A prospective observational study was performed in two burn centers in the Netherlands. Fifty-eight patients with burn injuries ≥ 15% of total body surface area (TBSA) were included. Intra-abdominal pressure (IAP) and urinary I-FABP, measured every 6 h during 72 h. Prevalence of IAH, new organ failure and ACS, and the value of urinary intestinal fatty acid binding protein (I-FABP) as early marker for IAH-associated complications were determined.

Results

Thirty-one (53%) patients developed IAH, 17 (29%) patients developed new organ failure, but no patients developed ACS. Patients had burns of 29% (P25P75 19–42%) TBSA. Ln-transformed levels of urinary I-FABP and IAP were inversely correlated with an estimate of − 0.06 (95% CI − 0.10 to − 0.02; p = 0.002). Maximal urinary I-FABP levels had a fair discriminatory ability for patients with IAH with an area under the ROC curve of 74% (p = 0.001). Urinary I-FABP levels had no predictive value for IAH or new organ failure in severe burn patients.

Conclusions

The prevalence of IAH among patients with ≥ 15% TBSA burned was 53%. None of the patients developed ACS. A relevant diagnostic or predictive value of I-FABP levels in identifying patients at risk for IAH-related complications, could not be demonstrated.

Level of evidence

Level III, epidemiologic and diagnostic prospective observational study.

Keywords: Intra-abdominal hypertension, Intra-abdominal pressure, Abdominal compartment syndrome, Surgery, Burn injury

Introduction

Patients with severe burns are at risk for complications and sequelae resulting in morbidity and death with increasing burn severity. Intra-abdominal hypertension (IAH) and subsequent abdominal compartment syndrome (ACS) are complications in severely burned patients associated with poor outcome. ACS-associated mortality among severe burn patients is estimated at 74.8% [1]. These complications result from the combination of capillary leakage, fluid shifts and hypotension requiring extensive fluid suppletion [2]. The effect of fluid shift is called “third spacing” referring to an extra space to where the fluid shifts to. This space or compartment frequently concerns the abdomen. Possibly, adding up with a circumferential trunk burn which accelerates the process of increasing IAH. Modern resuscitation regimes aim to prevent IAH and ACS. Although the risk has significantly decreased, these complications are still not completely preventable [3, 4]. Early identification of patients at risk for IAH and ACS facilitates decompressive treatment and thereby prevents related morbidity and mortality [5]. To improve this early identification and treatment, epidemiologic knowledge and new diagnostic tools could be helpful.

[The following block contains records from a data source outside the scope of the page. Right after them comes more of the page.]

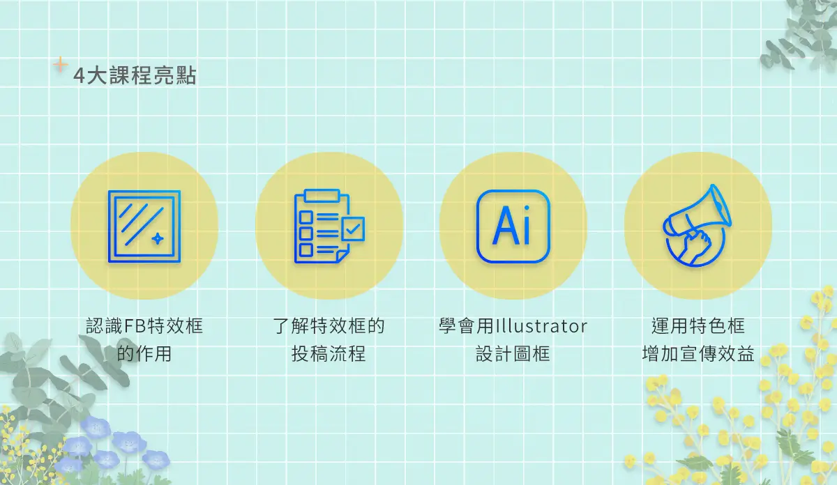 課程從零教起,首先帶你認識什麼是FB特效框,了解使用規範與相關條款;緊接著,教你在Frame Studio建置簡單的特效框並投稿,並運用FB APP進行測試。若要製作專屬,且具有個人風格的特效框,課程內容也結合了Illustrator一併介紹,帶你在Illustrator繪圖軟體裡設計與繪製,打造不一樣的圖框效果。最後,講述如何用粉絲專頁的身分提交特效框,將行銷與設計結合,不僅提升行銷宣傳效果,也展現出個人或品牌特色風格。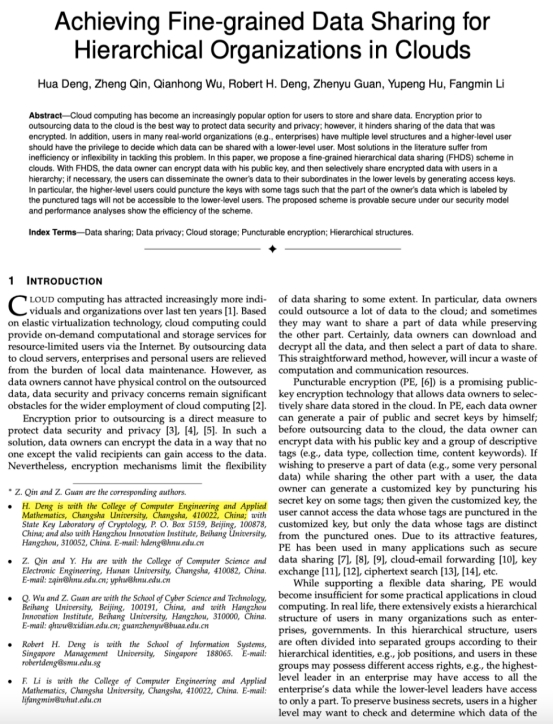 近日,我校计算机工程与应用数学学院邓桦副研究员以第一作者身份在国际期刊《IEEE Transactions on Dependable and Secure Computing》(简称TDSC)在线发表论文“Achieving Fine-grained Data Sharing for Hierarchical Organizations in Clouds”(文章DOI号:10.1109/TDSC.2022.3153467),长沙学院为第一单位。TDSC属于中国计算机学会推荐A类(CCF-A)类期刊,影响因子7.329,是网络空间安全领域国际顶级期刊。本论文的发表标志着我校在网络空间安全学术领域取得了新的突破。
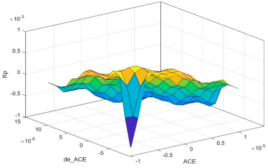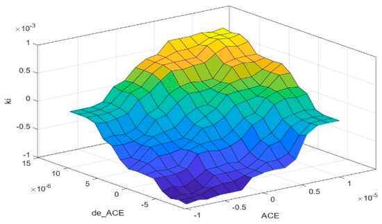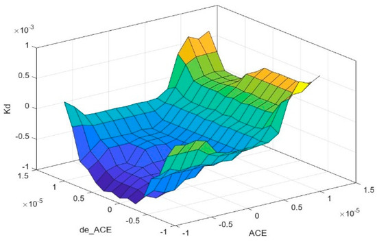 IF-THEN is the rule-based structure utilized by the fuzzy rule base, provided via the IF antecedent, THEN result [42]. This paper’s rule base consists of 49 rules, as illustrated in Table 3, Table 4 and Table 5. Additionally, the Kp, Ki, and Kd control surfaces are shown in Figure 7, Figure 8 and Figure 9.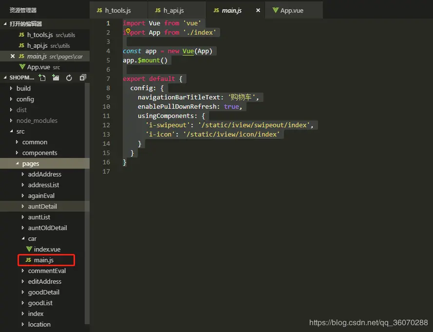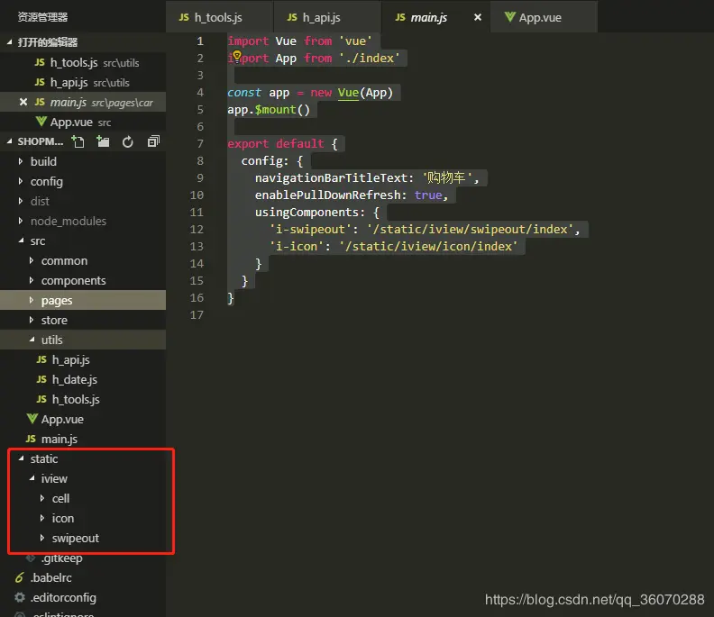 在mpvue项目中建议大家把dist目录放在static文件夹下,如下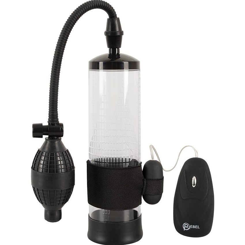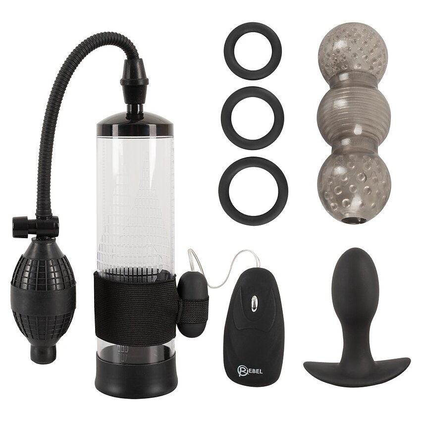 Set Rebel 7-în-1: colet complet pentru antrenament și satisfacție controlată — pompă măsurabilă cu supapă de siguranță, vibrator inserabil 12 moduri (3x AAA), plug stimulator 20 feluri reîncărcabil, masturbator extensibil și 3 inele.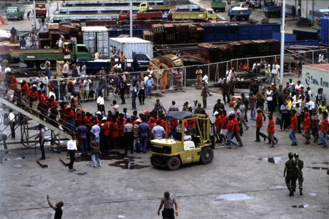 Chaos v přístavu Biak po příjezdu Pelni lodě. Papua, Indonésie.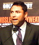 メイウェザーのパンチでモズリーが深いダメージを受けることは考え難い。一方でいかにメイウェザーといえども、モズリーの波状攻撃を完璧にかわし切るのは至難の業だ。少なからず被弾するシーンもあるはずで、その時、未知数のプリティーボーイのタフネスが試されることになる。そこでメイウェザーがどんな反応を示すかは、筆者が推測できる範囲を越えている。(写真:プロモーターとしてボクシング界の顔であり続けるデラホーヤも忙しい日々が続きそう)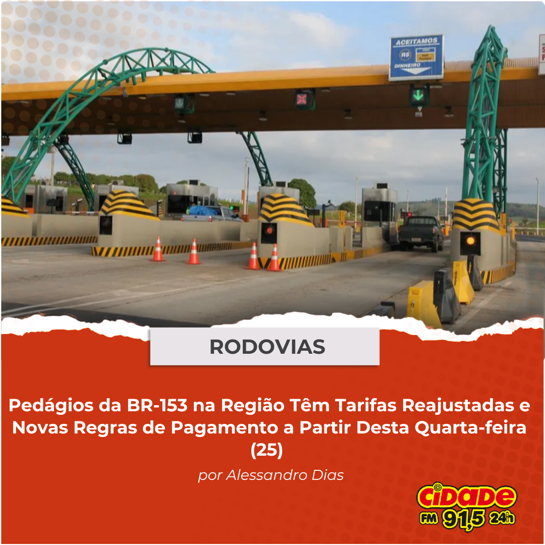 Geral RODOVIAS: Pedágios da BR-153 na Região Têm Tarifas Reajustadas e Novas Regras de Pagamento a Partir desta Quarta-feira (25) 25 de dezembro de 2024 Nenhum comentário
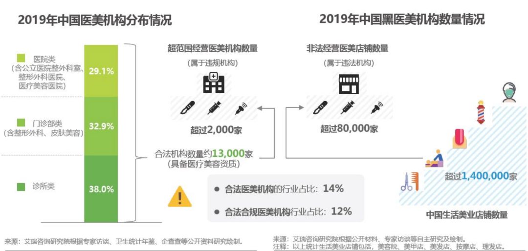 这也意味着,近九成的医美机构都是非法机构。不仅如此,艾瑞专家调研显示,市面上流通的针剂正品率只有33.3%,也就是1支正品针剂背后伴随着至少2支非法针剂的流通。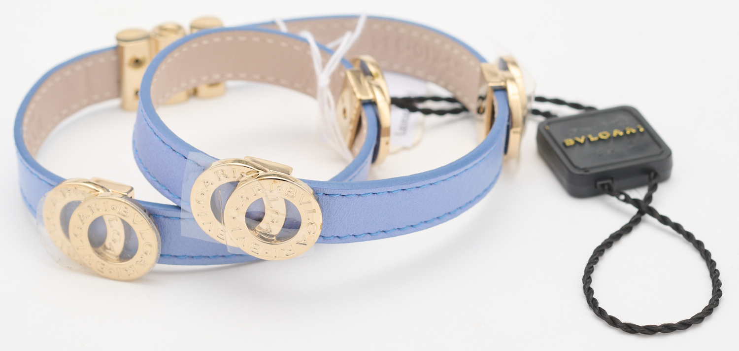 A DOUBLE WRAP BRACELET BY BVLGARI - Styled in baby-blue leather with signed silver tone metal feature discs and conforming hardware, total length 370mm, reference number GS.K10.33130, boxed.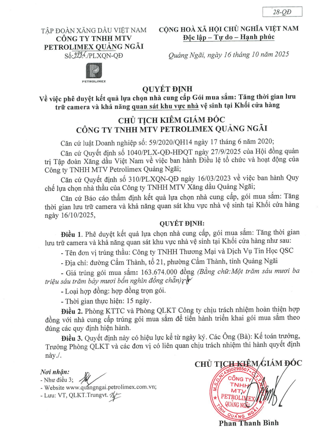 Nguồn: Phòng QLKTPetrolimex Quảng Ngãi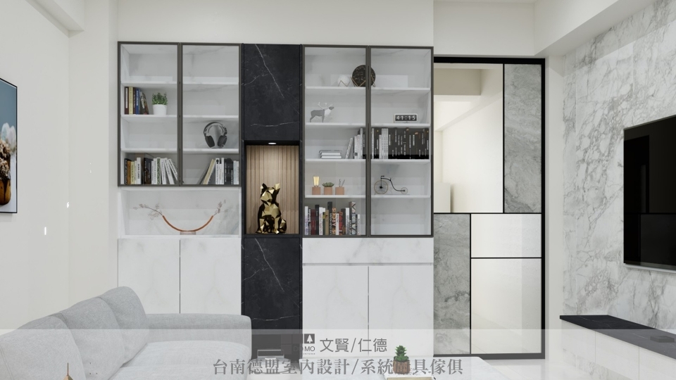 施作項目 ⏩ 室內設計、系統家具、系統櫃、鐵件玻璃拉門、客廳、衣櫃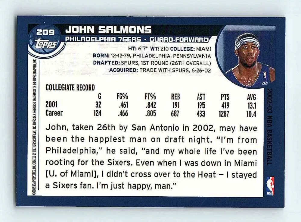 The 2002-03 Topps Basketball Base #209 John Salmons RC is in NM-MNT condition or better. The basketball cards come in sleeve and/or in toploader. Optionally you can buy One Touch holder

The current gold standard for IAP determination requires intra-bladder pressure measurements [6]. This is a simple, non-invasive measuring technique, yielding immediate results. However, the level of IAP is neither an indicator for when surgical therapy should be considered, nor is it a reliable indicator for clinical outcome [7]. In this context, Intestinal Fatty Acid-Binding Protein (I-FABP) may be of interest. Evidence is accumulating that the intestines are central in the origin of posttraumatic sequelae [810]. Loss of intestinal barrier integrity seems to be an early event in severe illness and trauma that plays a crucial role in the subsequent development of the systemic inflammatory response. The intestinal barrier is maintained by a lining of intestinal epithelial cells (enterocytes) and tight junctions that seal the paracellular space between adjacent enterocytes preventing toxins and bacteria from entering the circulation. Both enterocyte damage and tight junction loss can be triggered by IAH; these can be quantified by levels of I-FABP [1113]. This marker is rapidly released upon intestinal integrity loss and is easily detectable in urine. Consequently, I-FABP is considered promising for the early identification of intra-abdominal pressure-related complications, they may even be supportive in determining the need for, and timing of decompressive measures to relieve the abdominal pressure.

The primary aim was to determine the prevalence of IAH an ACS in severe burn patients. The secondary aim of the current study was to determine the value of urinary intestinal fatty acid binding protein (I-FABP) levels as early marker for IAH-associated complications.

Materials and methods

This prospective, observational study was conducted in two burn centers. The study was approved by the Medical Research Ethics Committee (MREC) in the principal study hospital (reference number M012-021) and by the local hospital board in the participating center (reference number L2013-23). Signed informed consent by patient or proxy was obtained.

Patients (and public involvement statement)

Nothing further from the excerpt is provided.